A generalization of the Fejér–Jackson inequality and related results

We present several results for trigonometric sums related to the classical Fejér–Jackson inequality, namely,
$$ \displaystyle 0<\sum_{k=1}^n\frac{\sin(kx)}{k} {(n\geq 1, 0<x<\pi)}. $$
Among these are:
1. Let $r\in \mathbb{R}$. Then, $ 0<\sum\limits_{\substack{k=1 \\ k \text{odd}}}^n \frac{\sin(kx)}{k} r^k $ holds for all $n\geq 1$ and $x\in (0,\pi)$ if and only if $r\in (0,1]$.
2. Let $a\in\mathbb{R}$. Then, $ 0<\sum\limits_{k=0}^{n-1} \cos(kx) \biggl( \sum\limits_{j=k+1}^n {j\choose k} \frac{\sin((j-k)x)}{j} a^j \biggr) $ holds for all $n\geq 1$ and $x\in (0,\pi)$ if and only if $a\in (0,1/2]$. For $ a=1/2 $, the result reduces to that of Fejér–Jackson.

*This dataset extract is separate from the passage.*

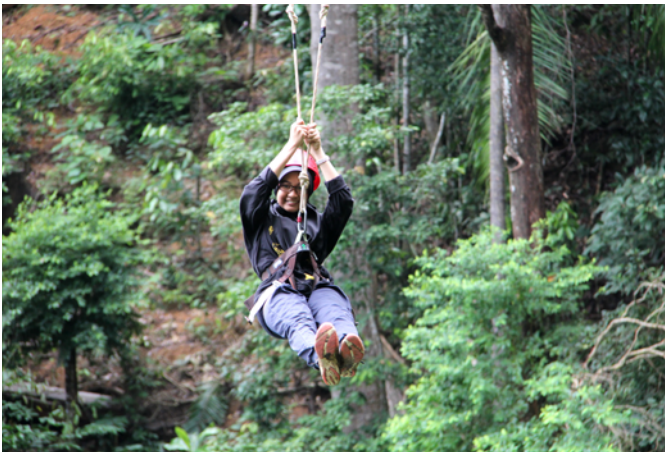
Jungle Flying Fox. 'Flying Fox' meredah hutan.

3. Let $b\in \mathbb{R}$. Then, $ 0< \sum\limits_{k=0}^{n-1} \cos(kx) \biggl( \sum\limits_{\substack{j=k+1 \\ j \text{odd}}}^n {j\choose k} \frac{\sin((j-k)x)}{j} b^j \biggr) $ holds for all $n\geq 1$ and $x\in (0,\pi)$ if and only if $b\in (0,1/2]$. An analogous result holds when “odd” is replaced by “even” and $ (0,\pi ) $ by $ (0,\frac{\pi }{2} ) $.